Do you mean that the kinetic energy is $$T^{00}$$?
If so, wouldn't every component of the energy-momentum tensor contribute to the formation of the black hole?
No, but here lies the origin of your confusion. See below.

As for your question if I can see how the energy is contant, just multiply both sides by $$g_{ij}$$, right?
I don't know what you are aiming at here.

Anyway, in case anyone stumbles on this thread later, I would like to point out what I believe to be the flaw in the argument. PAllen has already said it and Orodruin has hinted at it:

Kinetic energy in Newtonian mechanics is a relative concept, i.e. it depends on the chosen frame of reference. The energy' that curves spacetime in general relativity - and here you have to be very careful what you mean, the enery-momentum tensor field (not it's components!) is but one possible choice - cannot be a relative, but must be an absolute concept in the sense that one has to be able to express it in terms of geometric invariants. This is dictated by the general principle of relativity, which is most conveniently expressed as "Fundamental laws of nature have to be formulated in a coordinate-independent manner" or more colloquially "Physics shouldn't depend on how you chose to describe it".

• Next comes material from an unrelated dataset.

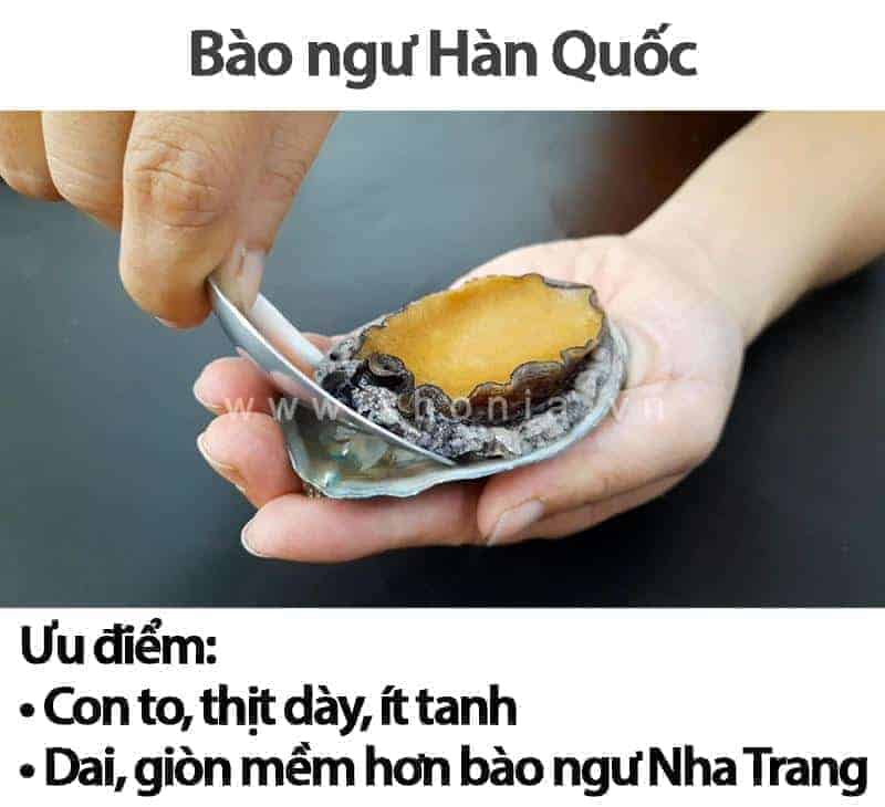 Bào ngư Hàn Quốc thì giá thành cao hơn Nha Trang một chút. Nhưng ưu điểm là con to thịt nhiều, thịt dai dai, giòn giòn, ít tanh ngon hơn bào ngư Nha Trang của Việt Nam mình.

It is also worth pointing out that the concept of energy is an excellent example of where general relativity and Newtonian mechanics are incommensurable. This is a concept popularized by the philosopher Thomas Kuhn and generally means that concepts in two different scientific theories cannot be compared, because the conceptual framework is fundamentally different. So even though you may use the word energy in GR and Newtonian mechanics in a sloppy way, they mean fundamentally different things in the respective theories.

#### Joker93

No, but here lies the origin of your confusion. See below.

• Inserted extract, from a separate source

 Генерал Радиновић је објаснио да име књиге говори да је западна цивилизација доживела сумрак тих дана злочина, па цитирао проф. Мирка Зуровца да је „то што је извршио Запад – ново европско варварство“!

I don't know what you are aiming at here.

Anyway, in case anyone stumbles on this thread later, I would like to point out what I believe to be the flaw in the argument. PAllen has already said it and Orodruin has hinted at it:

Kinetic energy in Newtonian mechanics is a relative concept, i.e. it depends on the chosen frame of reference. The energy' that curves spacetime in general relativity - and here you have to be very careful what you mean, the enery-momentum tensor field (not it's components!) is but one possible choice - cannot be a relative, but must be an absolute concept in the sense that one has to be able to express it in terms of geometric invariants. This is dictated by the general principle of relativity, which is most conveniently expressed as "Fundamental laws of nature have to be formulated in a coordinate-independent manner" or more colloquially "Physics shouldn't depend on how you chose to describe it".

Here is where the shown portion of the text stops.